_EXERCISE DETAILS:_
Nothing may be left out of the listing below but its images; repeat the rest exactly.
** Opening RECORDS FOR THE EXERCISE block **
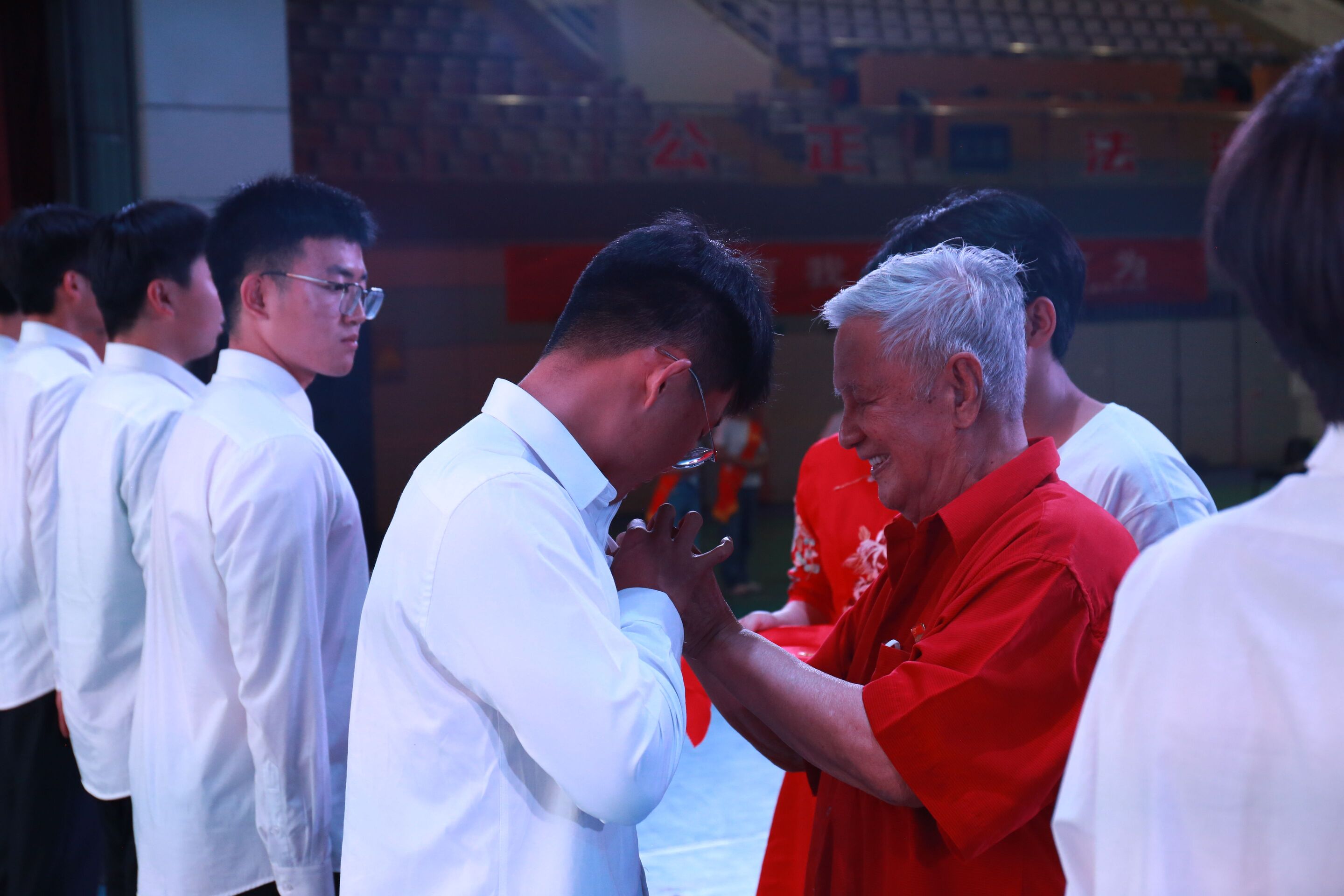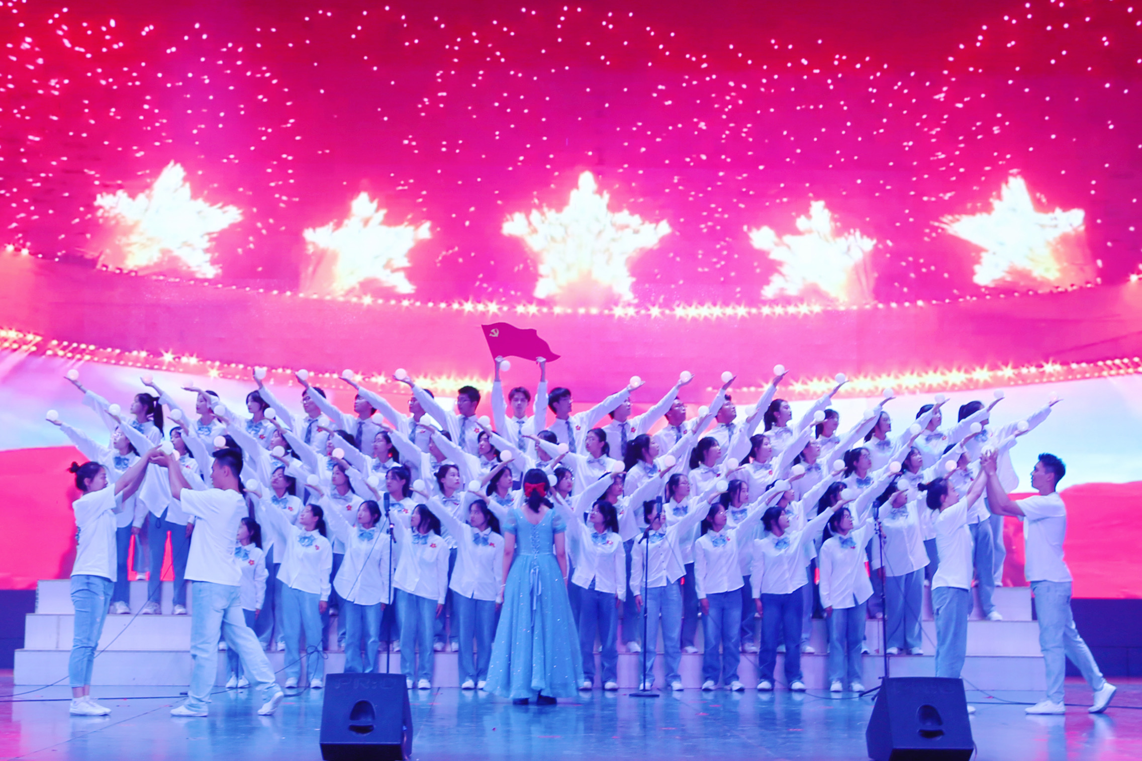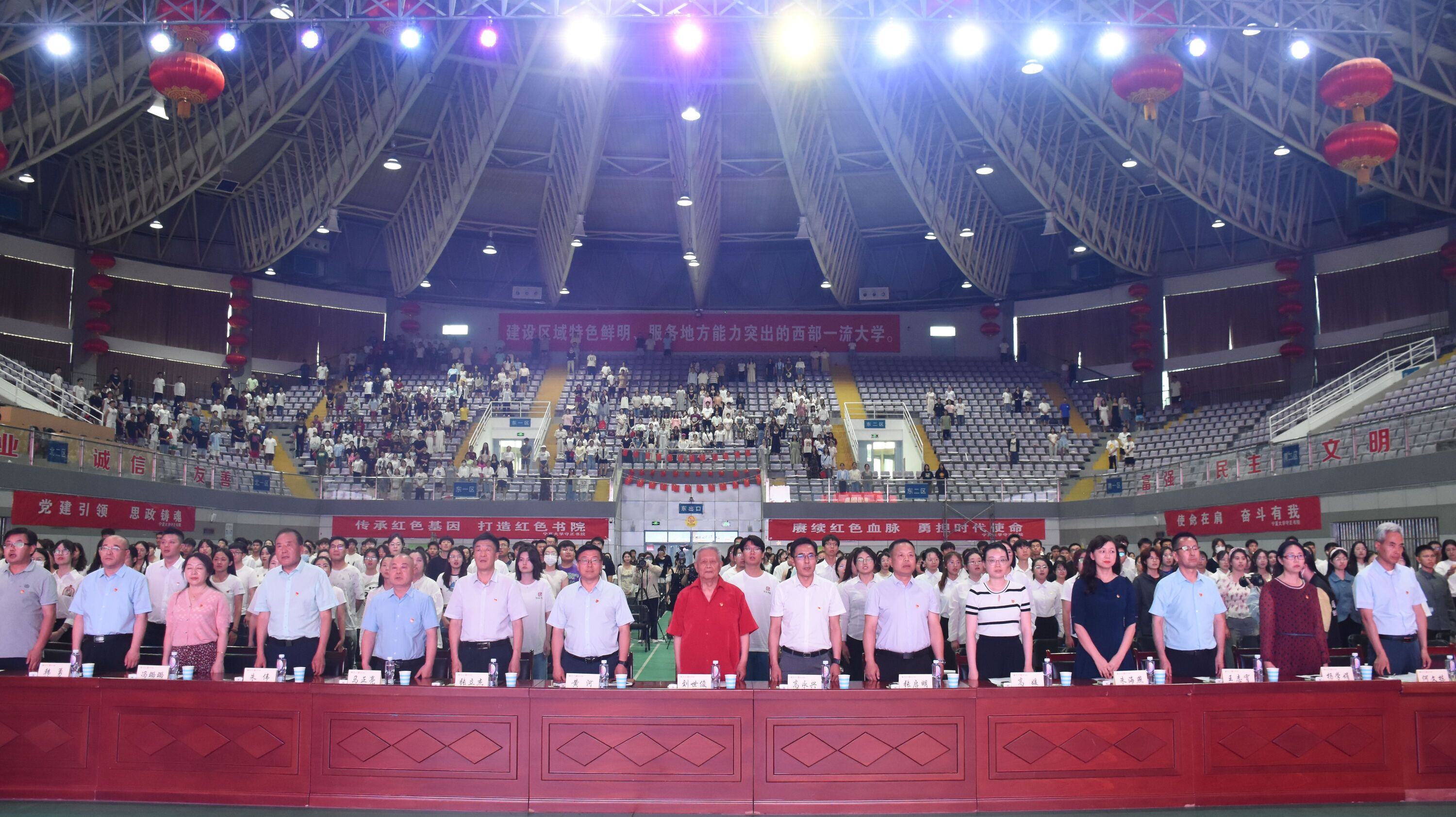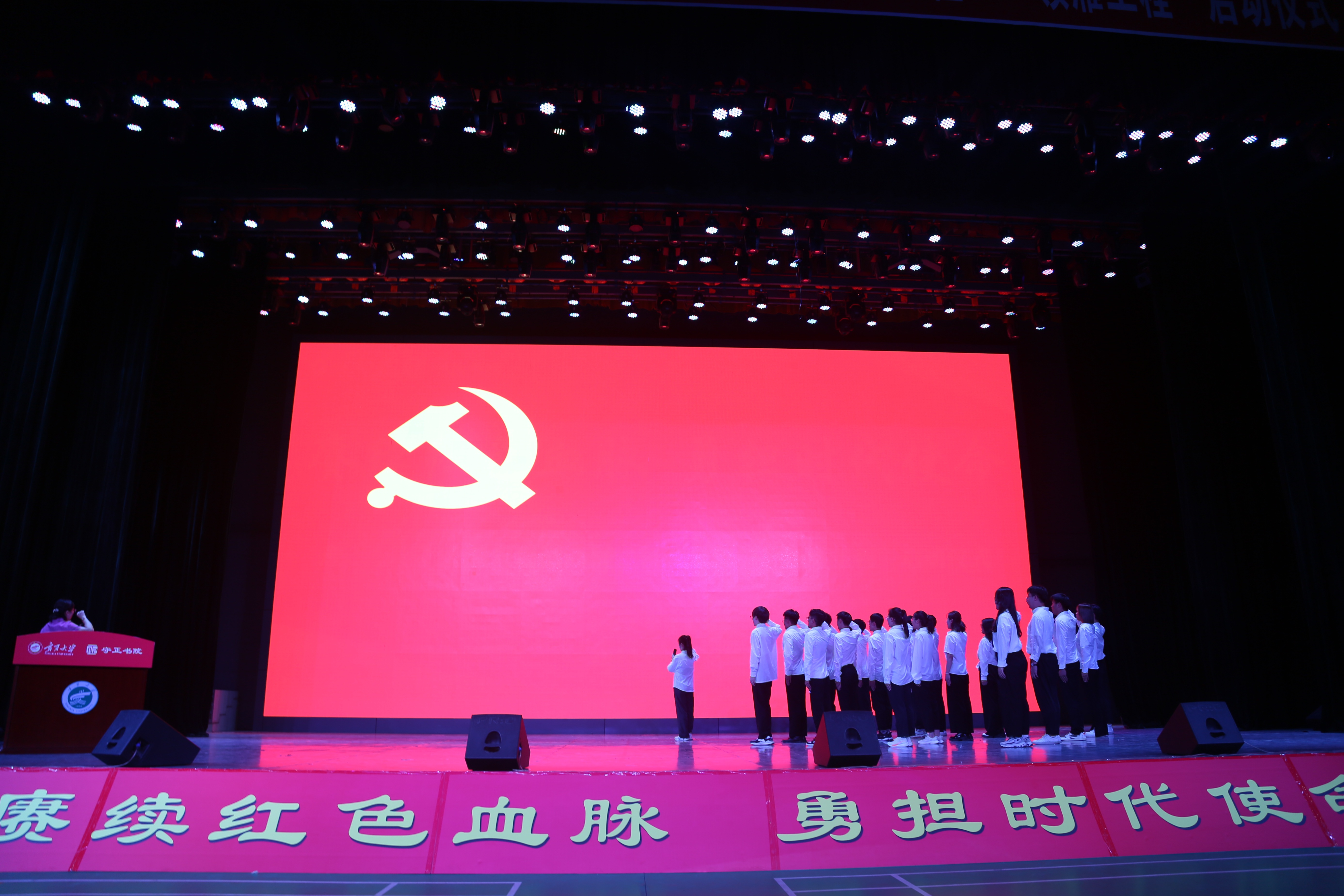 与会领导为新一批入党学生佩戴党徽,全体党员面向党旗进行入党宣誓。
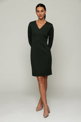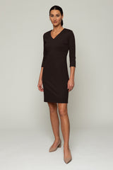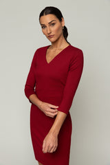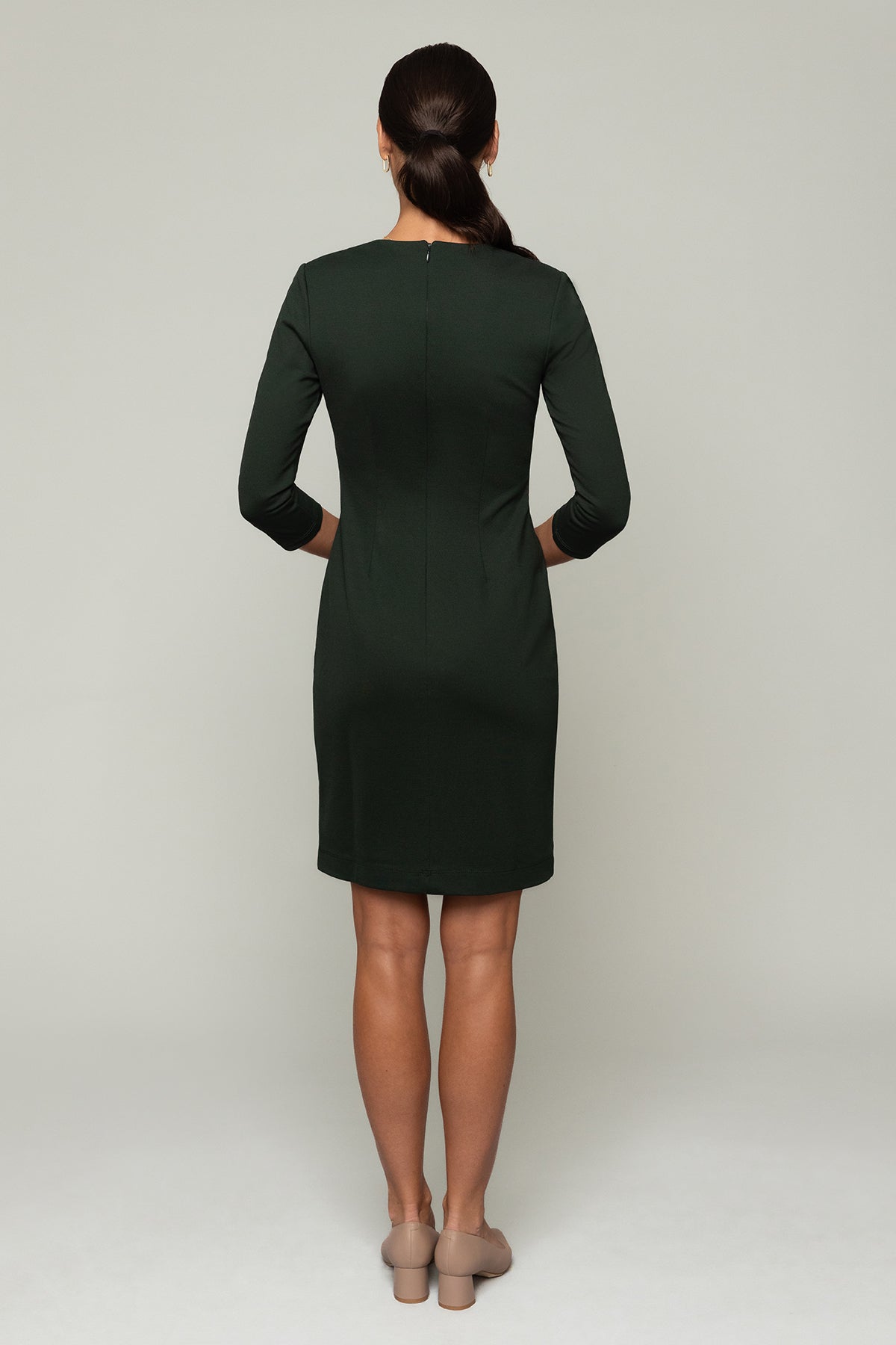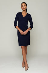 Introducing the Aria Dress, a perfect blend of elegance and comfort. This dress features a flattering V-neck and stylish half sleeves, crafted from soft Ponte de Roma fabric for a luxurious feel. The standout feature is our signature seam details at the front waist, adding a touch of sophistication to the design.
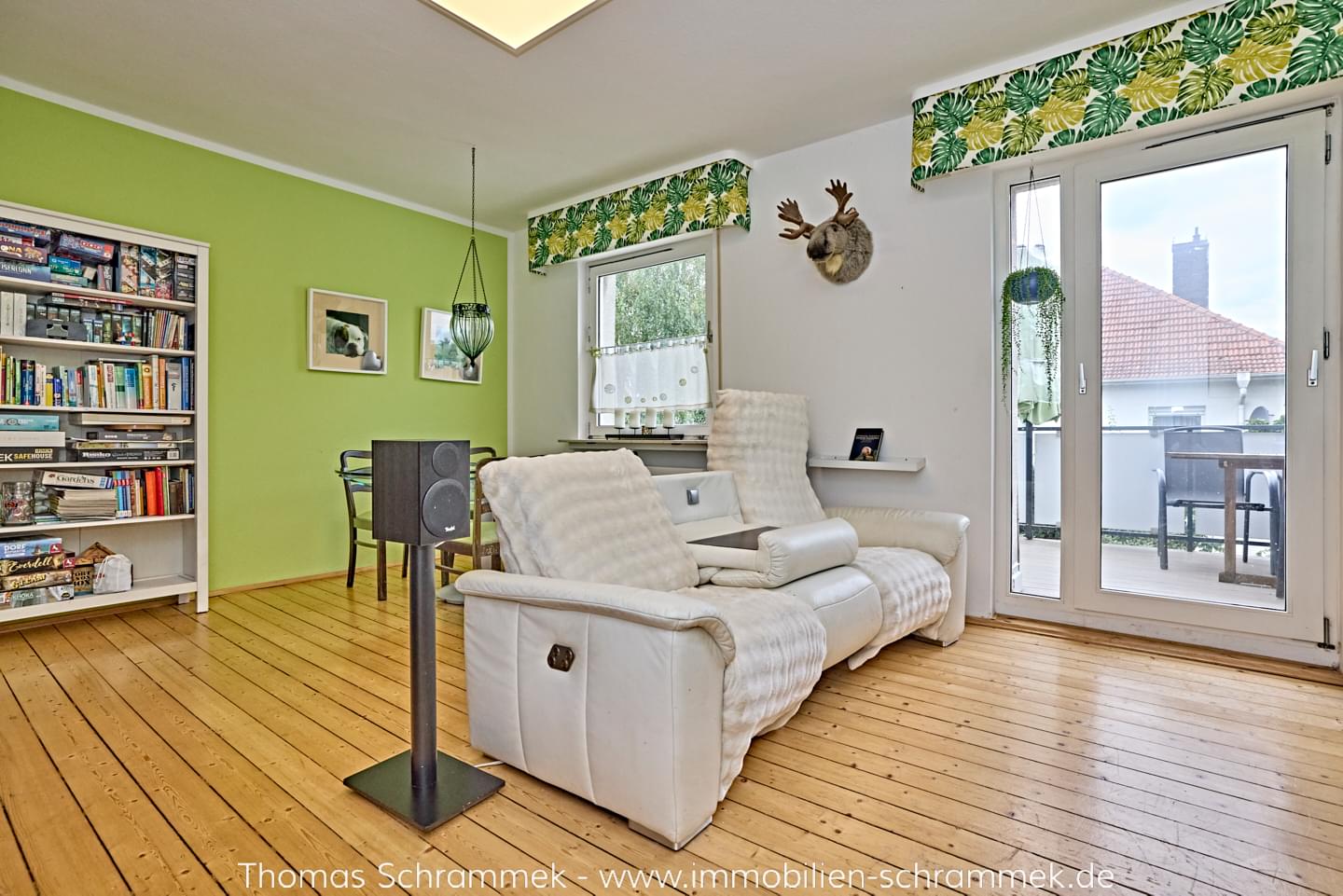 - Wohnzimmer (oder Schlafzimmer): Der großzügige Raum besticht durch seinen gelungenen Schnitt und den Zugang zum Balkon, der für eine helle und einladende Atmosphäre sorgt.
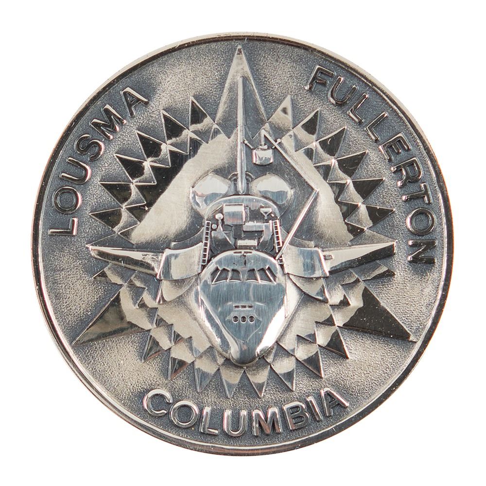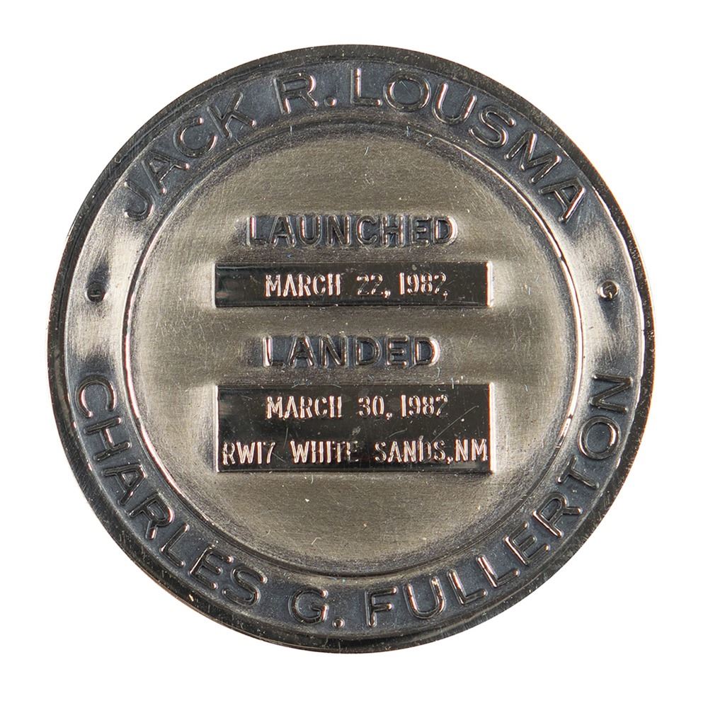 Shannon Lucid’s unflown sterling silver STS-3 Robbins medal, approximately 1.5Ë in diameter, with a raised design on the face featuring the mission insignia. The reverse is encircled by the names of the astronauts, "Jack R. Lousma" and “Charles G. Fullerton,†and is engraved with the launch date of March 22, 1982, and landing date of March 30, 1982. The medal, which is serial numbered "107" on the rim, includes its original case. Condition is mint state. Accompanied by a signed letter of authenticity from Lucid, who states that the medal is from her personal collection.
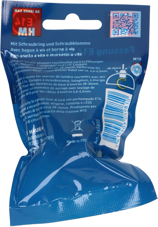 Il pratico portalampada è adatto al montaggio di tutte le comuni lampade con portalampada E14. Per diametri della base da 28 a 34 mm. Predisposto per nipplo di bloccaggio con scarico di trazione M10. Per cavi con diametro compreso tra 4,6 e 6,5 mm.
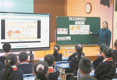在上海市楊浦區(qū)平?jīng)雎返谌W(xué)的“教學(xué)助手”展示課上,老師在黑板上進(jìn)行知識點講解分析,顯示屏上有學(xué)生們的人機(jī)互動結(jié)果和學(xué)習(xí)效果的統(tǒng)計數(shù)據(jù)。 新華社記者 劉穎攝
** Closing RECORDS FOR THE EXERCISE block **
_TASK SOLUTION:_
 与会领导为新一批入党学生佩戴党徽,全体党员面向党旗进行入党宣誓。
 Introducing the Aria Dress, a perfect blend of elegance and comfort. This dress features a flattering V-neck and stylish half sleeves, crafted from soft Ponte de Roma fabric for a luxurious feel. The standout feature is our signature seam details at the front waist, adding a touch of sophistication to the design.
 - Wohnzimmer (oder Schlafzimmer): Der großzügige Raum besticht durch seinen gelungenen Schnitt und den Zugang zum Balkon, der für eine helle und einladende Atmosphäre sorgt.
 Shannon Lucid’s unflown sterling silver STS-3 Robbins medal, approximately 1.5Ë in diameter, with a raised design on the face featuring the mission insignia. The reverse is encircled by the names of the astronauts, "Jack R. Lousma" and “Charles G. Fullerton,†and is engraved with the launch date of March 22, 1982, and landing date of March 30, 1982. The medal, which is serial numbered "107" on the rim, includes its original case. Condition is mint state. Accompanied by a signed letter of authenticity from Lucid, who states that the medal is from her personal collection.
 Il pratico portalampada è adatto al montaggio di tutte le comuni lampade con portalampada E14. Per diametri della base da 28 a 34 mm. Predisposto per nipplo di bloccaggio con scarico di trazione M10. Per cavi con diametro compreso tra 4,6 e 6,5 mm.
在上海市楊浦區(qū)平?jīng)雎返谌W(xué)的“教學(xué)助手”展示課上,老師在黑板上進(jìn)行知識點講解分析,顯示屏上有學(xué)生們的人機(jī)互動結(jié)果和學(xué)習(xí)效果的統(tǒng)計數(shù)據(jù)。 新華社記者 劉穎攝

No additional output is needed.